7. Allow the contents of the pot to rest for a few minutes and heat through before serving. We like it with non-sweet cornbread underneath and a dash or two of hot sauce on top.
8. Serve. Feeds six easily.
Variations on this recipe include using boneless, skinless meat rather than going through the de-boning process, You may also add vegetables, but it will change the basic makeup of the dish and make it just another chicken soup. You may choose to use some other form of fowl, such as turkey, or beef as the meat. both are delicious and follow the same basic procedure.
This is my take on an old Cajun classic. The use of vegetables such as onion and celery will alter the flavor, but you are more than welcome to use them if you like.
This dish takes a little layering, especially of the spices. Be sure to taste test it often to make sure that it’s not too salty, nor yet too hot for your preferences.
12 oz sausage (any kind will do)
Chicken livers reserved from the other recipe above, about 1/4#
Other giblets (if desired)
Tony Chachere’s Original Cajun Seasoning or other spices as desired
2 cups white rice (dry)
Water reserved from boiling chicken liver
1 15oz can of black beans
1. Cook the rice in the water reserved from boiling the chicken livers, adding whatever amount necessary for the rice. If you need to, add additional water. Reserve.
2. Mash and de-vein the chicken livers and set aside. Dice the sausage and set aside. If you plan to include any of the pre-cooked giblets, dice them and set them aside.
3. In a large skillet, spray or spread a bit of olive oil. Drop in your sausage and giblets with a few dashes of Tony Cha’s seasoning. Cover and allow to cook for a few minutes. Uncover and stir, making sure any browning that occurs is well tossed.
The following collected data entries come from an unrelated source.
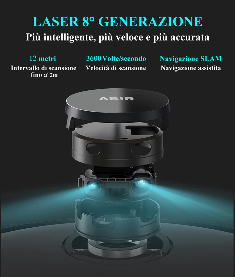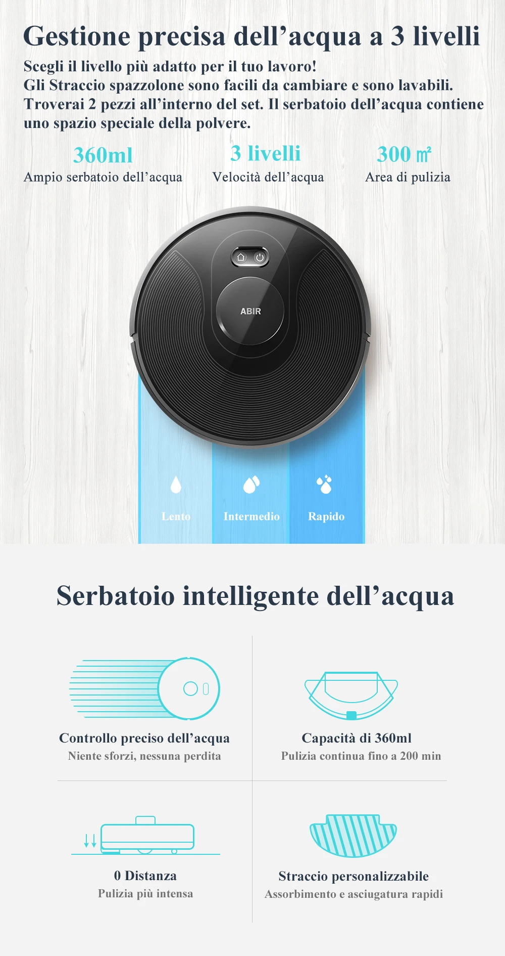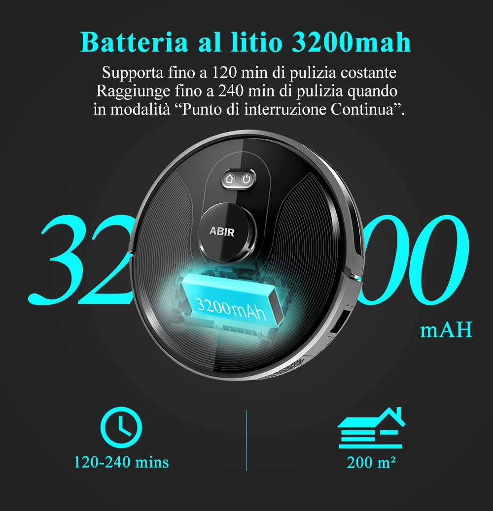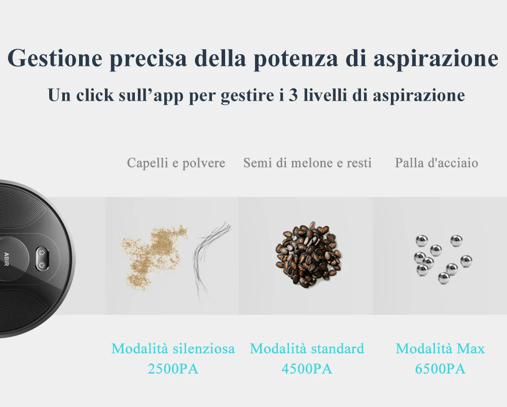 8.Aggiornato motore del ventilatore fare reale 6500 PA di aspirazione con basso rumore . Utilizzando la strategia combinata di riduzione del rumore 7 volte, ABIR X8 è molto silenzioso rispetto ad altre marche quando è in modalità max.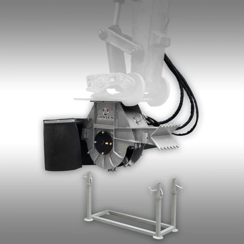 De machine is ontworpen voor de aanbouw aan uw graafmachine. De stobbenfrees BSF-40B wordt geleverd met een universele montageplaat. De snelwissel-opname voor uw graafmachine is in de normale handel verkrijgbaar maar dient door u te worden verbonden met de universele plaat van onze stobbenfrees! Eventueel zijn er aanpassingen nodig.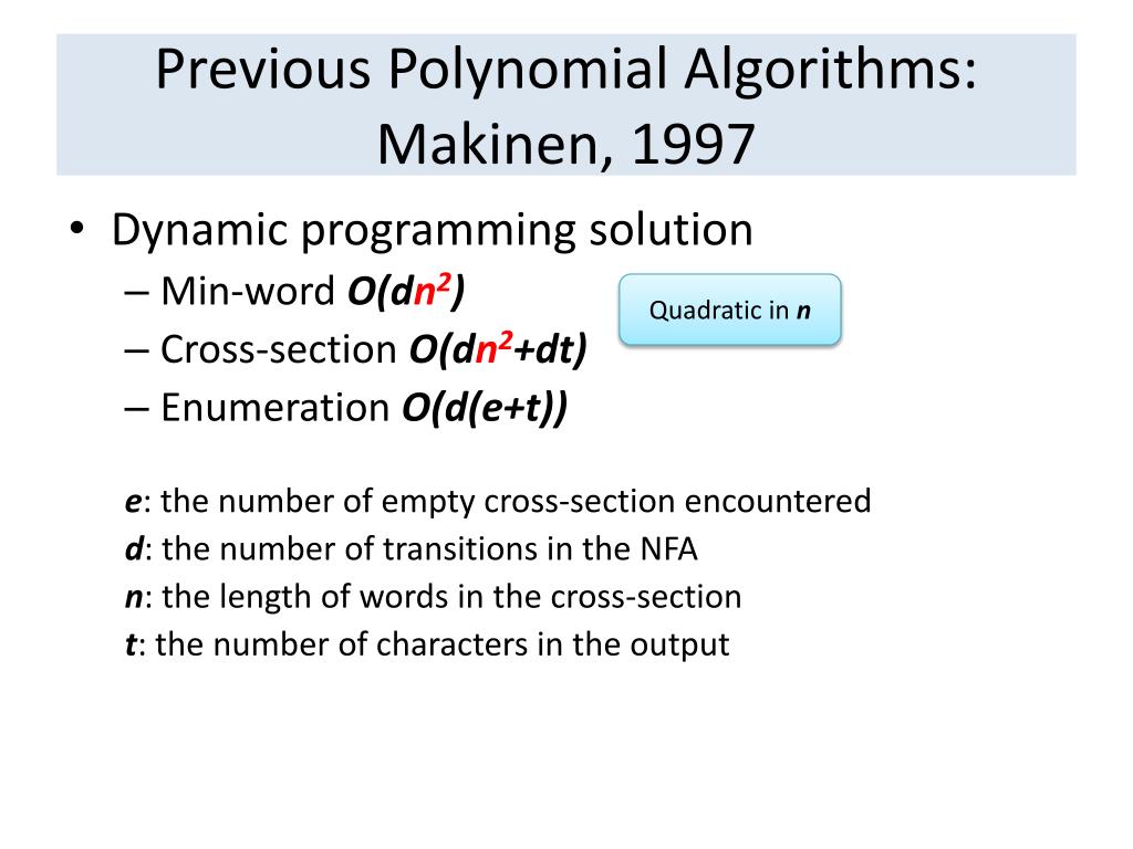 Previous Polynomial Algorithms: Makinen, 1997 • Dynamic programming solution • Min-word O(dn2) • Cross-section O(dn2+dt) • Enumeration O(d(e+t)) e:the number of empty cross-section encountered d: the number of transitions in the NFA n: the length of words in the cross-section t:the number of characters in the output Quadratic in n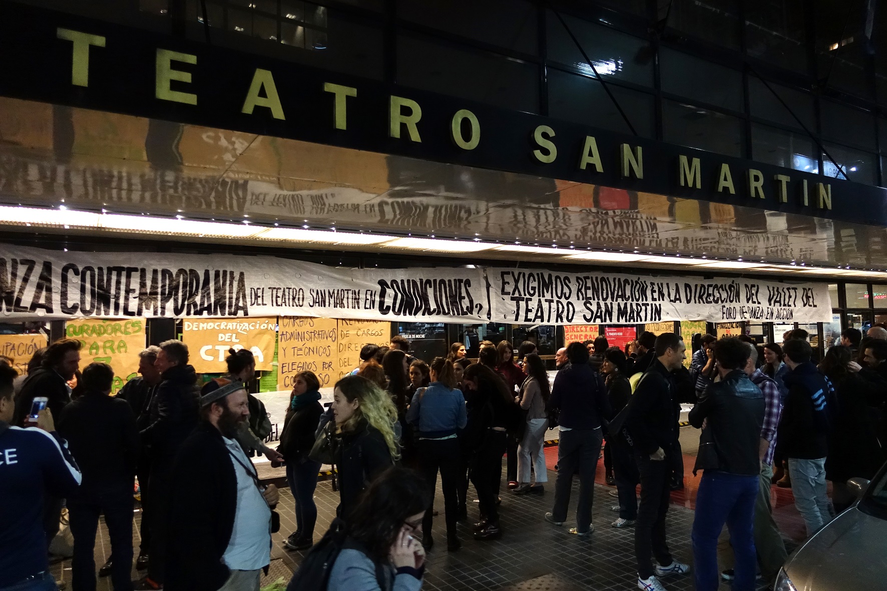 Las pintaron en los papeles madera y llamaron a compartir con los celulares sus pegatinas en la puerta del San Martín: la apropiación de la propuesta, la colectivización de la batalla por lo público. “Todos los que estamos acá dirigimos, actuamos, escribimos, bailamos pero también producimos , gestionamos nuestras compañías, nuestras salas, nuestros encuentros”, concluyeron para comenzar la arenga. “Sabemos lo que significa tomar decisiones, defender criterios artísticos, hacer presupuestos, buscar fondos, pelear para habilitar nuestras salas. Y por eso pensamos que tenemos derecho a intervenir en cómo se gestionan nuestras instituciones oficiales. Esta conferencia es el primer paso en una serie de acciones para recuperar el teatro público como un espacio de producción y experimentación para el teatro y la danza”.

Anything that sticks will essentially be deglazed as you continue making the dish.
4. When the sausage is cooked to your liking, add the can of black beans, fluid and all. Generously sprinkle on some of the Tony Cha’s spice blend. Stir until all ingredients are hot. Add mashed chicken liver and stir.
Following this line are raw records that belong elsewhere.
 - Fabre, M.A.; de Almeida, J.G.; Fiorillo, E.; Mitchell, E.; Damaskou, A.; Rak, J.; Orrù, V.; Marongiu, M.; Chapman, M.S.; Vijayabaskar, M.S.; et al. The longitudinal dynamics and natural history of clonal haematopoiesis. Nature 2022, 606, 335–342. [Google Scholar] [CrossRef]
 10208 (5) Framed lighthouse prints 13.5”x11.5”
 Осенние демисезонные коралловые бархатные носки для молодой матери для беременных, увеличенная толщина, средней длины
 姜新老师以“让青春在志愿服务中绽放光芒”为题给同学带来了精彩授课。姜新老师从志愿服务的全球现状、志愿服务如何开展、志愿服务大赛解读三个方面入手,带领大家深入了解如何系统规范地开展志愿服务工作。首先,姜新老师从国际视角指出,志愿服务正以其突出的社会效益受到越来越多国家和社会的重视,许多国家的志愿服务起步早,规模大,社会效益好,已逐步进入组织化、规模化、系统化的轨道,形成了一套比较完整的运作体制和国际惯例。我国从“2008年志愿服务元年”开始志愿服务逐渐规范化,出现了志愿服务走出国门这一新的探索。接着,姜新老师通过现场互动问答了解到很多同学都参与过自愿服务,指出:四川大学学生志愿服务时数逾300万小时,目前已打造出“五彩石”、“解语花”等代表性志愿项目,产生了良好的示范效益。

5. Begin folding in the rice. It should completely mix with the meat and bean mixture. Some rice clumping may occur. If needed, stir in a quarter cup of water to maintain moisture and prevent drying or scorching.Add a little more of the spice blend while folding to ensure that there is enough spice for your tastes and that is is evenly distributed.
6. Serve. You may have been beating the heathens off with a wooden spoon at this point, but now it;s time to share the goodness! If they burn their fingers or tongues, well, you tried to teach them better. Feeds four huge appetites, or 6-8 more normal ones.
These two recipes are cold weather favorites at our house. I hope you like them enough to let them find a place in your kitchen as well. As always, feedback is appreciated.